TÓQUIO-2020

Chegou a vez dos atletas paralímpicos brigarem por um lugar no Olimpo

Jogos de Tóquio começam na manhã de terça-feira e o Brasil chega com grandes nomes para brigar por medalhas. Confira alguns dos principais, mas não se deixe enganar: tem gente boa em todas as modalidades

(facebook/paralympics)
(facebook/paralympics)
O Agito, símbolo dos Jogos Paralímpicos, na Baía de Tóquio

São Paulo – Vai começar tudo de novo! Uma nova leva de competições acirradas no fim de tarde e começo da noite, disputas de tirar o fôlego madrugadas adentro e brigas eletrizantes ainda no café da manhã. Os Jogos Paralímpicos de Tóquio serão iniciados às 8h de terça-feira (24), pelo horário de Brasília, com a Cerimônia de Abertura. Algumas horas mais tarde, a partir das 21h, começam as competições propriamente ditas, com ciclismo de pista, hipismo, goalball, natação, tênis de mesa, além de três modalidades exclusivamente praticadas em cadeira de rodas: esgrima, basquete e rúgbi. Dali em diante, até o dia 5, milhares de atletas entram em cena para mostrar o que realmente são: atletas de alta performance.
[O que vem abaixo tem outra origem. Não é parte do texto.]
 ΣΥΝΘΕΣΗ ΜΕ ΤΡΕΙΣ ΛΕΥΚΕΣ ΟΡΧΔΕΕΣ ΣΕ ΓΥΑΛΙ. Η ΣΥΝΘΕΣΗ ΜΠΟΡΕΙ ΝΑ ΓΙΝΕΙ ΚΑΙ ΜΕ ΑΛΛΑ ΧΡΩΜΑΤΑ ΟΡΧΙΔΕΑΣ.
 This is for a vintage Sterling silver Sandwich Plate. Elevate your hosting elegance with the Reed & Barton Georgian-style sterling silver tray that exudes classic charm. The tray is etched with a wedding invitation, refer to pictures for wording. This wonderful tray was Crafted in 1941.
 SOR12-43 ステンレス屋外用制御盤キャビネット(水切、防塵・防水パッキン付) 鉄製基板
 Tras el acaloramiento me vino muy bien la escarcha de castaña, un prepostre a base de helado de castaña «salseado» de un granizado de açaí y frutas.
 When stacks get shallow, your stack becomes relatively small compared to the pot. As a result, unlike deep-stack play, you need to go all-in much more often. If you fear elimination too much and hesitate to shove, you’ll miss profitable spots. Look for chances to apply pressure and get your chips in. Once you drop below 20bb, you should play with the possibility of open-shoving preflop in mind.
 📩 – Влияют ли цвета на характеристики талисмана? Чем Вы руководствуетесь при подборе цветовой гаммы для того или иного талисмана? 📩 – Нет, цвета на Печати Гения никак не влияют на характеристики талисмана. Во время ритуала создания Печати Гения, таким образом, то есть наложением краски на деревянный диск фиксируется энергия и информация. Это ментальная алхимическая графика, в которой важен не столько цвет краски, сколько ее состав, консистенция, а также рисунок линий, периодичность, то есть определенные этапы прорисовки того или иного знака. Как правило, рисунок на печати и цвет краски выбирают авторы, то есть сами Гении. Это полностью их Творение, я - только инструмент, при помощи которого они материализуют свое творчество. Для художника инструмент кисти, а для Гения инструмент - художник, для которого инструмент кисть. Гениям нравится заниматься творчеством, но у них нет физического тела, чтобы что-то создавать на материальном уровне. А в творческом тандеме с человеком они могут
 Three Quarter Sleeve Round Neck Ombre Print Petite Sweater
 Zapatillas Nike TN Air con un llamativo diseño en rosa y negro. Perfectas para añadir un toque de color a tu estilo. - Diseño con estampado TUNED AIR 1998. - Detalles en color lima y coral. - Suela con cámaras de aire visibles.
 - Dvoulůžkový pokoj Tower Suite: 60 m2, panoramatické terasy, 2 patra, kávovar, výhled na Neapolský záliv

O Brasil chega mais uma vez bem forte. Não dá, ainda, para colocar o país como uma potência paralímpica. Mas certamente dá para esperar mais medalhas do que se costuma ganhar nos Jogos Olímpicos. A delegação tem 260 atletas, incluindo guias e timoneiro, sendo 164 homens e 96 mulheres, que vão competir em 21 das 23 modalidades. Só não estará no basquete e no rúgbi, ambos em cadeira de rodas. Na história, os paralímpicos brasileiros já conquistaram 302 medalhas, sendo 87 de ouro – há a expectativa da centésima sair em Tóquio – mais 112 de prata e 103 de bronze. O atletismo é o carro chefe garantindo 142 pódios, com 40 no ponto mais alto, 61 segundos lugares e 41 terceiros.

(Ale Cabral/CPB)
Petrúcio Ferreira talvez seja o maior nome brasileiro nos Jogos Paralímpicos atualmente (Ale Cabral/CPB)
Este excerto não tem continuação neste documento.